ASSIGNED TASK: The records are to be copied from the line that contains "Москва. 14 октября." through their last line, word for word, with every picture left out.

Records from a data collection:
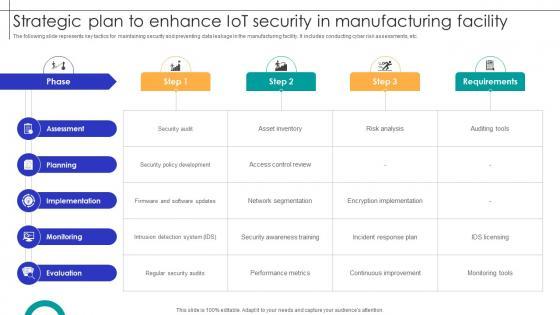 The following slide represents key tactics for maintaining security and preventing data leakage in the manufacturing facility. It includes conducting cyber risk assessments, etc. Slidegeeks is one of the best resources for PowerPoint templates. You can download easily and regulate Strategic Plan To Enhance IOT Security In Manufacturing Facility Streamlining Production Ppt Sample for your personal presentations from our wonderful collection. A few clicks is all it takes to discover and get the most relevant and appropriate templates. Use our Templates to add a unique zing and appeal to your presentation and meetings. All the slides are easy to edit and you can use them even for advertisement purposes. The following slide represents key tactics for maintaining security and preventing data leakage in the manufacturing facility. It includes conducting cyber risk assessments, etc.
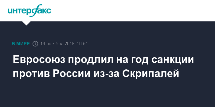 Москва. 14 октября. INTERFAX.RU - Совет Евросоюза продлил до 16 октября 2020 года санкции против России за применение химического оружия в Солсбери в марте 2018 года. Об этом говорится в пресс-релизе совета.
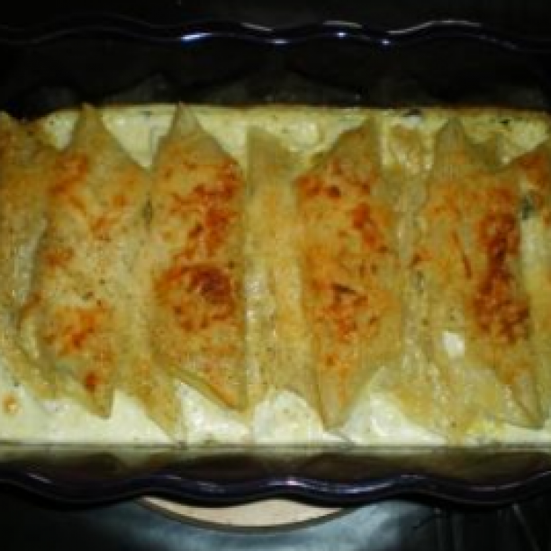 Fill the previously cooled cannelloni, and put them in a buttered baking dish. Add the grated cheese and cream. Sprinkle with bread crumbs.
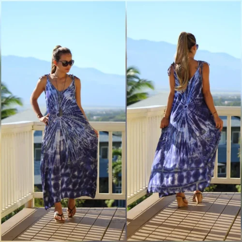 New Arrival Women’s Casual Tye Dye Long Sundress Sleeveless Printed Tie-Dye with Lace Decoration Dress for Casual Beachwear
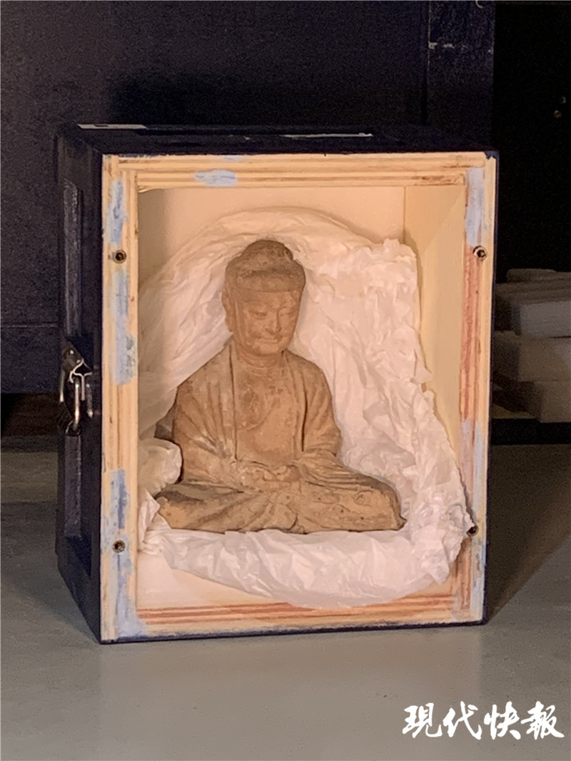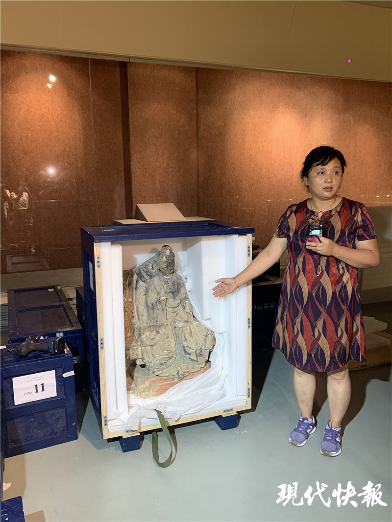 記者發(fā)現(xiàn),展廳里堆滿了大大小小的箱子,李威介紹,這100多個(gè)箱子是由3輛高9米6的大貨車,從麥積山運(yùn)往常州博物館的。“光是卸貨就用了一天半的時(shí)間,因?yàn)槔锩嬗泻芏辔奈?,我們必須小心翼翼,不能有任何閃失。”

ANSWER:
 Москва. 14 октября. INTERFAX.RU - Совет Евросоюза продлил до 16 октября 2020 года санкции против России за применение химического оружия в Солсбери в марте 2018 года. Об этом говорится в пресс-релизе совета.
 Fill the previously cooled cannelloni, and put them in a buttered baking dish. Add the grated cheese and cream. Sprinkle with bread crumbs.
 New Arrival Women’s Casual Tye Dye Long Sundress Sleeveless Printed Tie-Dye with Lace Decoration Dress for Casual Beachwear
 記者發(fā)現(xiàn),展廳里堆滿了大大小小的箱子,李威介紹,這100多個(gè)箱子是由3輛高9米6的大貨車,從麥積山運(yùn)往常州博物館的。“光是卸貨就用了一天半的時(shí)間,因?yàn)槔锩嬗泻芏辔奈?,我們必須小心翼翼,不能有任何閃失。”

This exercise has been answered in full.